# Task instructions:
Verbatim copy without images: repeat the records in full.

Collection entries
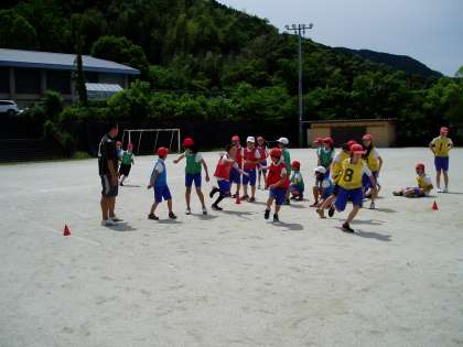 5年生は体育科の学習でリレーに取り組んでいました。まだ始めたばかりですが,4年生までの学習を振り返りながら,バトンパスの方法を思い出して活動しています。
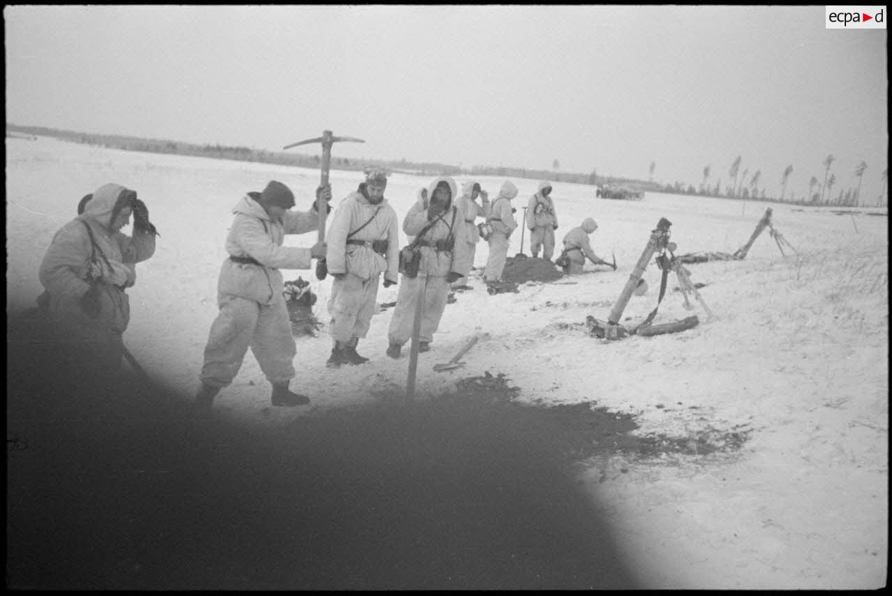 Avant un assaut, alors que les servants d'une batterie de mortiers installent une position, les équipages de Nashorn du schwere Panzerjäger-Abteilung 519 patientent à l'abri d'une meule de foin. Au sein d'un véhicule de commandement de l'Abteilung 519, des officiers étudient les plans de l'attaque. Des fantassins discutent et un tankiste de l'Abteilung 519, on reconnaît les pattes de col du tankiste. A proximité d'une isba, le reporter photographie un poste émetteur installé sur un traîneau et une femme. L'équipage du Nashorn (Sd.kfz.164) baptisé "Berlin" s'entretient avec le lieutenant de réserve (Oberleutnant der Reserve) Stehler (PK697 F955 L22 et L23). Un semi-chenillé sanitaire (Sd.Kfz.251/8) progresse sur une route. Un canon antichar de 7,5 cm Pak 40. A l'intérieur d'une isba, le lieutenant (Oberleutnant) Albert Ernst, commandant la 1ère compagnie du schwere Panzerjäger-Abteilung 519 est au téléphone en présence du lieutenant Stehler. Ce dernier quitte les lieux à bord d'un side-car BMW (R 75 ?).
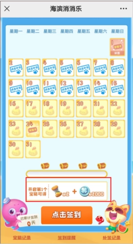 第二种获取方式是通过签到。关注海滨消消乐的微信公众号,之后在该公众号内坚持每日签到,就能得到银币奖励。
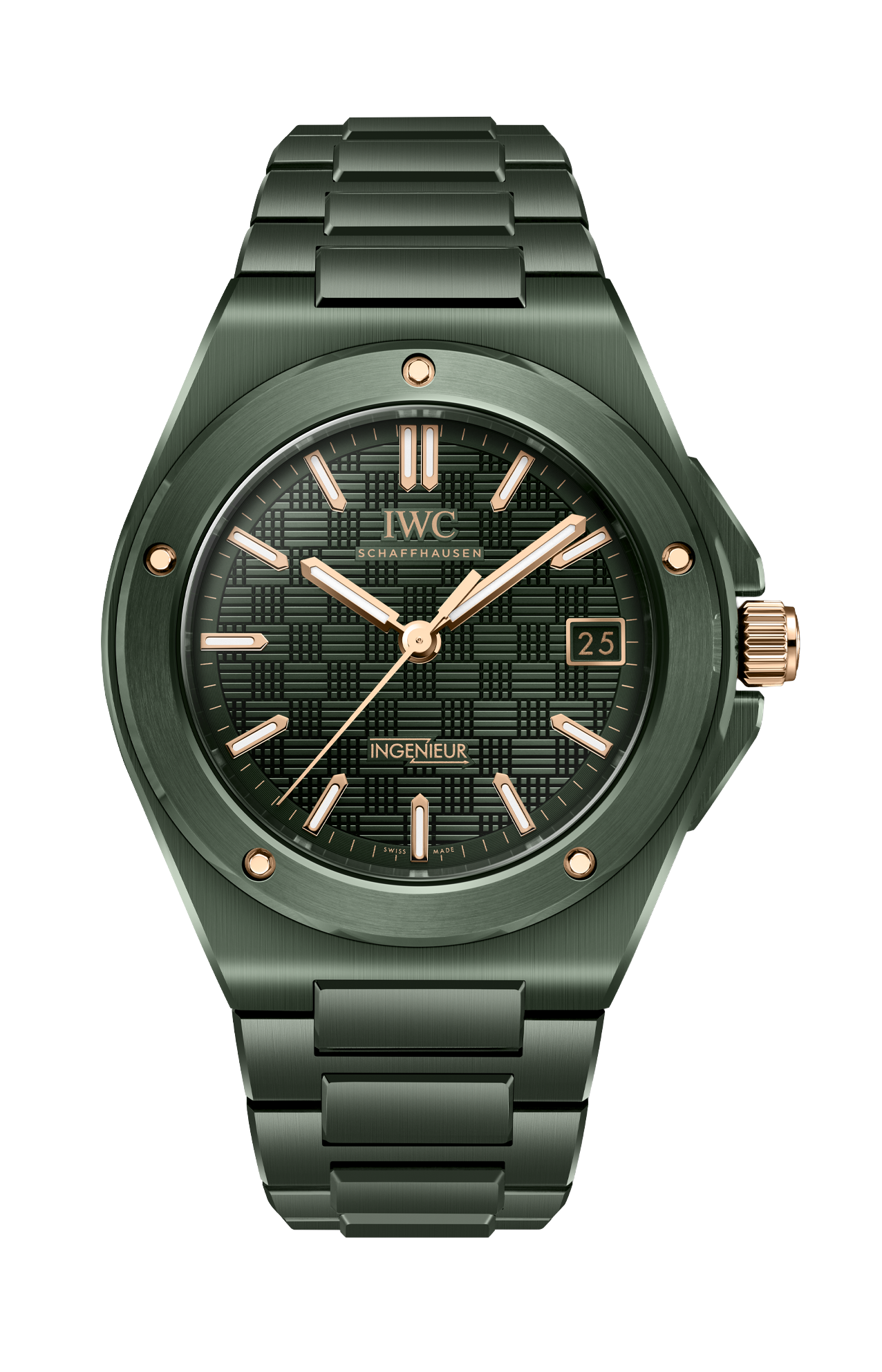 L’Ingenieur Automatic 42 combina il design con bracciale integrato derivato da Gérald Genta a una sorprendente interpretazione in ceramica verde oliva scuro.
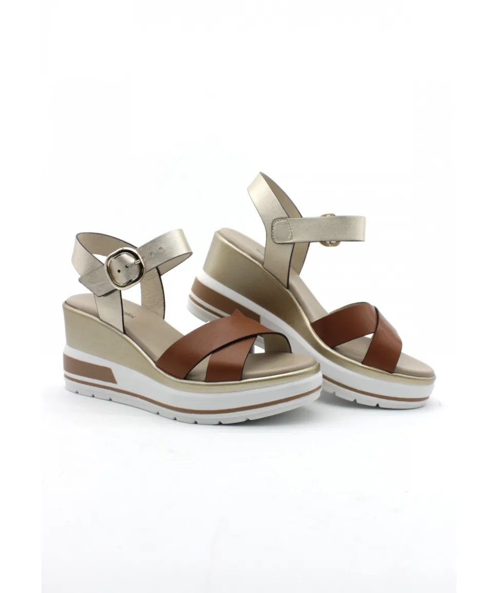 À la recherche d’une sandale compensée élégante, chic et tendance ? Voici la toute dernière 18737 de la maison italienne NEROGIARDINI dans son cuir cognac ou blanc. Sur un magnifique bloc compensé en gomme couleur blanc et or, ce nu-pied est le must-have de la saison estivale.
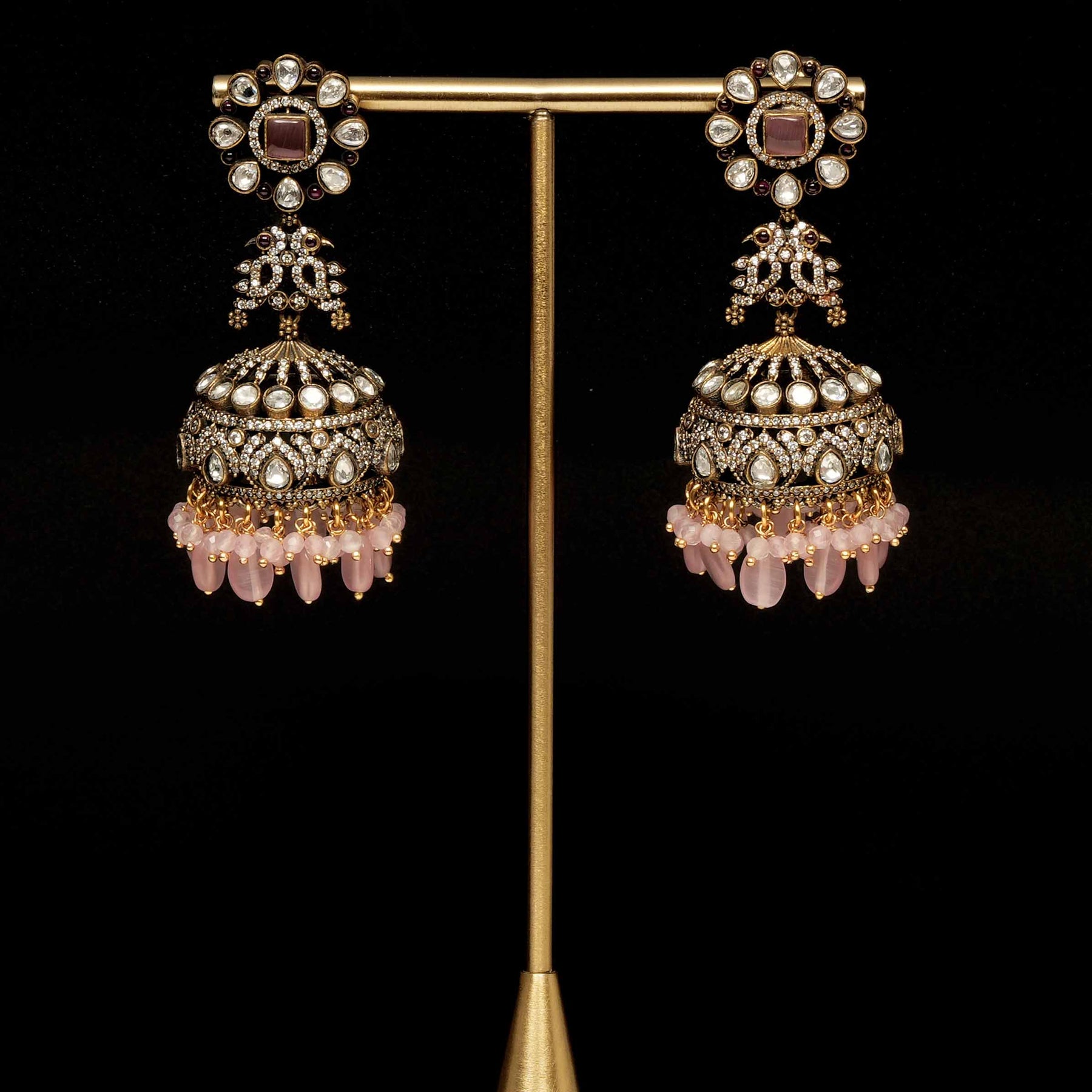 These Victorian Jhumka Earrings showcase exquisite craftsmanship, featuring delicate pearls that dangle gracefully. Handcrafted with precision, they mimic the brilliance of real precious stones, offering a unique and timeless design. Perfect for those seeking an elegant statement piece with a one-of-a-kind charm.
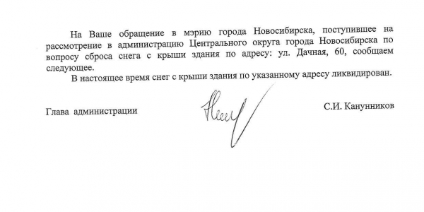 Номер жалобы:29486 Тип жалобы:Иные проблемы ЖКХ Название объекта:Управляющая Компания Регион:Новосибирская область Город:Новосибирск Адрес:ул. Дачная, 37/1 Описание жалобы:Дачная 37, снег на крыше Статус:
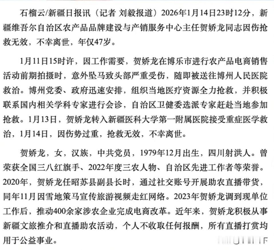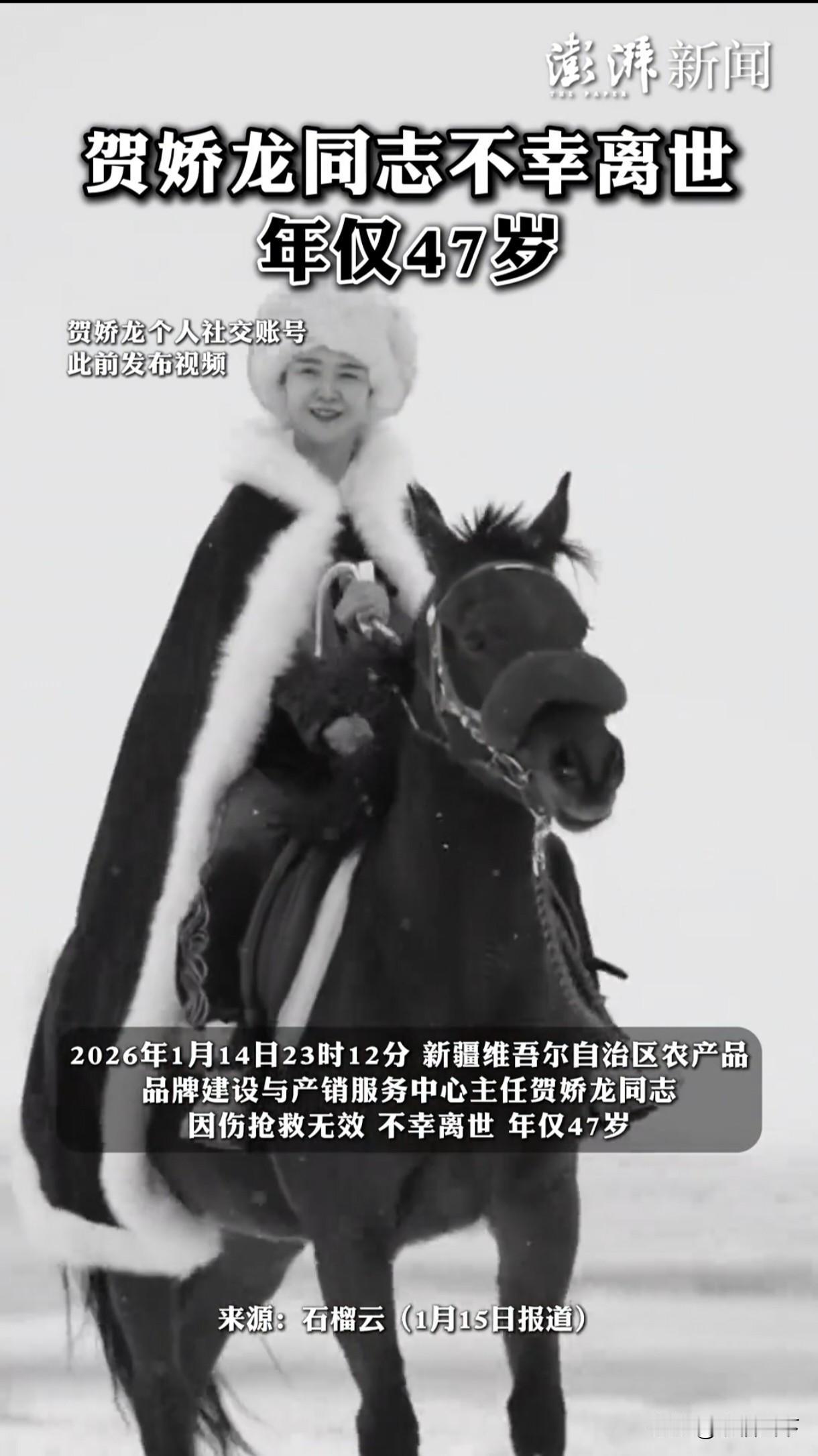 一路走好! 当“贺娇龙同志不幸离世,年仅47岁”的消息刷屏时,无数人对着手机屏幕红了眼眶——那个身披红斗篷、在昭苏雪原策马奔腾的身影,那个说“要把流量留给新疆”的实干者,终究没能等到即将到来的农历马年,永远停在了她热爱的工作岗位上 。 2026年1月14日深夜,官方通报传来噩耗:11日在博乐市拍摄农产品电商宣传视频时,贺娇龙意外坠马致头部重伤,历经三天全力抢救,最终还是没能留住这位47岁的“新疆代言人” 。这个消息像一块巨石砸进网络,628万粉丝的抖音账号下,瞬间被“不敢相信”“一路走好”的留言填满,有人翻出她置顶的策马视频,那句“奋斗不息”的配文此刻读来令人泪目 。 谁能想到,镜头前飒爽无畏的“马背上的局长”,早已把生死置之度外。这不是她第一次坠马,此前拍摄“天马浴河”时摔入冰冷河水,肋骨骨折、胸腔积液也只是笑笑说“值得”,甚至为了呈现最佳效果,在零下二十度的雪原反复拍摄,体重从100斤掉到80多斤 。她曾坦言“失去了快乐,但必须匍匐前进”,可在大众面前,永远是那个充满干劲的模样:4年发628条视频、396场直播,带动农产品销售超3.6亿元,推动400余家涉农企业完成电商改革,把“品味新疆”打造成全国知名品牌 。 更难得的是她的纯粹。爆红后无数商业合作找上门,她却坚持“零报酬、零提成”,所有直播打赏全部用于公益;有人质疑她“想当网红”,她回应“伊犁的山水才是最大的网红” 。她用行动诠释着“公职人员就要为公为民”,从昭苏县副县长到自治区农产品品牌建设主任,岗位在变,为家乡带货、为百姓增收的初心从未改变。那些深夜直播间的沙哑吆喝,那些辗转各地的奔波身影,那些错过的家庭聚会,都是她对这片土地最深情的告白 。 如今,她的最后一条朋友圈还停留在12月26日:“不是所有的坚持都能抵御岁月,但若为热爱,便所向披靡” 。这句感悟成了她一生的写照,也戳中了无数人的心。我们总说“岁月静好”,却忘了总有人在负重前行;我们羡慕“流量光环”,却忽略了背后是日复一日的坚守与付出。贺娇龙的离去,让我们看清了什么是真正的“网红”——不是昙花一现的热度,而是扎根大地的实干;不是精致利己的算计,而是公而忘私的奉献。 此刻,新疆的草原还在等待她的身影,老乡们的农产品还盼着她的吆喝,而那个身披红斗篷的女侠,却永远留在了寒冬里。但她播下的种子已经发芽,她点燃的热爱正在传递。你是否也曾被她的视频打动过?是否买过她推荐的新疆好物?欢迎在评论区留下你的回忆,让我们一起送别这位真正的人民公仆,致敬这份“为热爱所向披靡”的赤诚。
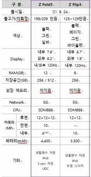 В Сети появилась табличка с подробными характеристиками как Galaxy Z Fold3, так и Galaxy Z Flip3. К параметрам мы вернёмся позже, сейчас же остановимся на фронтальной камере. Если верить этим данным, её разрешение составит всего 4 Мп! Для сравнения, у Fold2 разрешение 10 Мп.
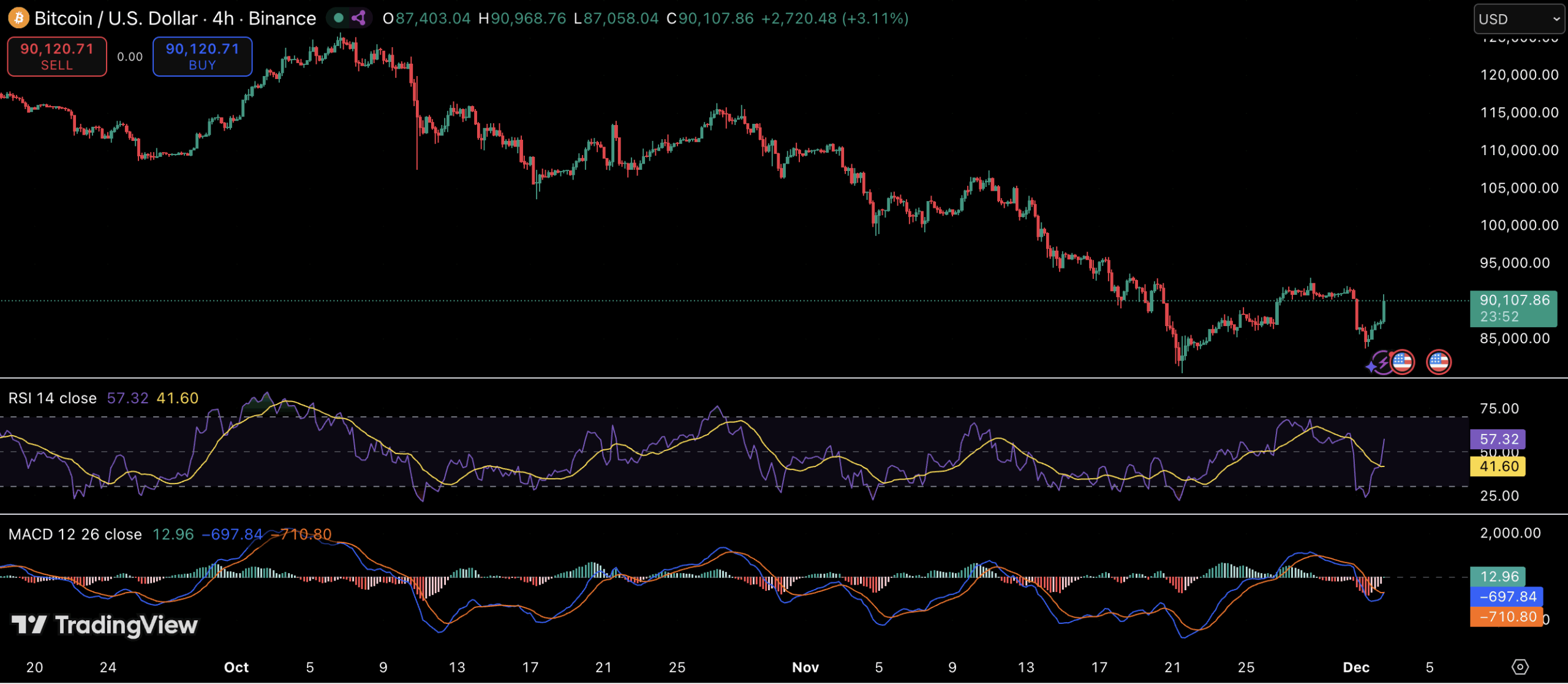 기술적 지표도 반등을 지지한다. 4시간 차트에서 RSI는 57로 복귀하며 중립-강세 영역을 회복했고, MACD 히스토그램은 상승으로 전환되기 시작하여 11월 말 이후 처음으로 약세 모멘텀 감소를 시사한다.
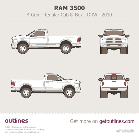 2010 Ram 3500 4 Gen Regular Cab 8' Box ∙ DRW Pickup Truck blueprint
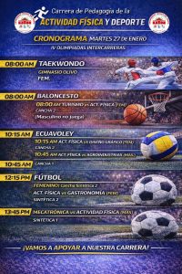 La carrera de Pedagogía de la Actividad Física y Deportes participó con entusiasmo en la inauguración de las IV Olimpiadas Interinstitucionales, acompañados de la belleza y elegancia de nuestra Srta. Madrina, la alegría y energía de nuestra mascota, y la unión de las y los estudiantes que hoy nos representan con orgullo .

# The completed task:
 5年生は体育科の学習でリレーに取り組んでいました。まだ始めたばかりですが,4年生までの学習を振り返りながら,バトンパスの方法を思い出して活動しています。
 Avant un assaut, alors que les servants d'une batterie de mortiers installent une position, les équipages de Nashorn du schwere Panzerjäger-Abteilung 519 patientent à l'abri d'une meule de foin. Au sein d'un véhicule de commandement de l'Abteilung 519, des officiers étudient les plans de l'attaque. Des fantassins discutent et un tankiste de l'Abteilung 519, on reconnaît les pattes de col du tankiste. A proximité d'une isba, le reporter photographie un poste émetteur installé sur un traîneau et une femme. L'équipage du Nashorn (Sd.kfz.164) baptisé "Berlin" s'entretient avec le lieutenant de réserve (Oberleutnant der Reserve) Stehler (PK697 F955 L22 et L23). Un semi-chenillé sanitaire (Sd.Kfz.251/8) progresse sur une route. Un canon antichar de 7,5 cm Pak 40. A l'intérieur d'une isba, le lieutenant (Oberleutnant) Albert Ernst, commandant la 1ère compagnie du schwere Panzerjäger-Abteilung 519 est au téléphone en présence du lieutenant Stehler. Ce dernier quitte les lieux à bord d'un side-car BMW (R 75 ?).
 第二种获取方式是通过签到。关注海滨消消乐的微信公众号,之后在该公众号内坚持每日签到,就能得到银币奖励。
 L’Ingenieur Automatic 42 combina il design con bracciale integrato derivato da Gérald Genta a una sorprendente interpretazione in ceramica verde oliva scuro.
 À la recherche d’une sandale compensée élégante, chic et tendance ? Voici la toute dernière 18737 de la maison italienne NEROGIARDINI dans son cuir cognac ou blanc. Sur un magnifique bloc compensé en gomme couleur blanc et or, ce nu-pied est le must-have de la saison estivale.
 These Victorian Jhumka Earrings showcase exquisite craftsmanship, featuring delicate pearls that dangle gracefully. Handcrafted with precision, they mimic the brilliance of real precious stones, offering a unique and timeless design. Perfect for those seeking an elegant statement piece with a one-of-a-kind charm.
 Номер жалобы:29486 Тип жалобы:Иные проблемы ЖКХ Название объекта:Управляющая Компания Регион:Новосибирская область Город:Новосибирск Адрес:ул. Дачная, 37/1 Описание жалобы:Дачная 37, снег на крыше Статус:
 一路走好! 当“贺娇龙同志不幸离世,年仅47岁”的消息刷屏时,无数人对着手机屏幕红了眼眶——那个身披红斗篷、在昭苏雪原策马奔腾的身影,那个说“要把流量留给新疆”的实干者,终究没能等到即将到来的农历马年,永远停在了她热爱的工作岗位上 。 2026年1月14日深夜,官方通报传来噩耗:11日在博乐市拍摄农产品电商宣传视频时,贺娇龙意外坠马致头部重伤,历经三天全力抢救,最终还是没能留住这位47岁的“新疆代言人” 。这个消息像一块巨石砸进网络,628万粉丝的抖音账号下,瞬间被“不敢相信”“一路走好”的留言填满,有人翻出她置顶的策马视频,那句“奋斗不息”的配文此刻读来令人泪目 。 谁能想到,镜头前飒爽无畏的“马背上的局长”,早已把生死置之度外。这不是她第一次坠马,此前拍摄“天马浴河”时摔入冰冷河水,肋骨骨折、胸腔积液也只是笑笑说“值得”,甚至为了呈现最佳效果,在零下二十度的雪原反复拍摄,体重从100斤掉到80多斤 。她曾坦言“失去了快乐,但必须匍匐前进”,可在大众面前,永远是那个充满干劲的模样:4年发628条视频、396场直播,带动农产品销售超3.6亿元,推动400余家涉农企业完成电商改革,把“品味新疆”打造成全国知名品牌 。 更难得的是她的纯粹。爆红后无数商业合作找上门,她却坚持“零报酬、零提成”,所有直播打赏全部用于公益;有人质疑她“想当网红”,她回应“伊犁的山水才是最大的网红” 。她用行动诠释着“公职人员就要为公为民”,从昭苏县副县长到自治区农产品品牌建设主任,岗位在变,为家乡带货、为百姓增收的初心从未改变。那些深夜直播间的沙哑吆喝,那些辗转各地的奔波身影,那些错过的家庭聚会,都是她对这片土地最深情的告白 。 如今,她的最后一条朋友圈还停留在12月26日:“不是所有的坚持都能抵御岁月,但若为热爱,便所向披靡” 。这句感悟成了她一生的写照,也戳中了无数人的心。我们总说“岁月静好”,却忘了总有人在负重前行;我们羡慕“流量光环”,却忽略了背后是日复一日的坚守与付出。贺娇龙的离去,让我们看清了什么是真正的“网红”——不是昙花一现的热度,而是扎根大地的实干;不是精致利己的算计,而是公而忘私的奉献。 此刻,新疆的草原还在等待她的身影,老乡们的农产品还盼着她的吆喝,而那个身披红斗篷的女侠,却永远留在了寒冬里。但她播下的种子已经发芽,她点燃的热爱正在传递。你是否也曾被她的视频打动过?是否买过她推荐的新疆好物?欢迎在评论区留下你的回忆,让我们一起送别这位真正的人民公仆,致敬这份“为热爱所向披靡”的赤诚。
 В Сети появилась табличка с подробными характеристиками как Galaxy Z Fold3, так и Galaxy Z Flip3. К параметрам мы вернёмся позже, сейчас же остановимся на фронтальной камере. Если верить этим данным, её разрешение составит всего 4 Мп! Для сравнения, у Fold2 разрешение 10 Мп.
 기술적 지표도 반등을 지지한다. 4시간 차트에서 RSI는 57로 복귀하며 중립-강세 영역을 회복했고, MACD 히스토그램은 상승으로 전환되기 시작하여 11월 말 이후 처음으로 약세 모멘텀 감소를 시사한다.
 2010 Ram 3500 4 Gen Regular Cab 8' Box ∙ DRW Pickup Truck blueprint
 La carrera de Pedagogía de la Actividad Física y Deportes participó con entusiasmo en la inauguración de las IV Olimpiadas Interinstitucionales, acompañados de la belleza y elegancia de nuestra Srta. Madrina, la alegría y energía de nuestra mascota, y la unión de las y los estudiantes que hoy nos representan con orgullo .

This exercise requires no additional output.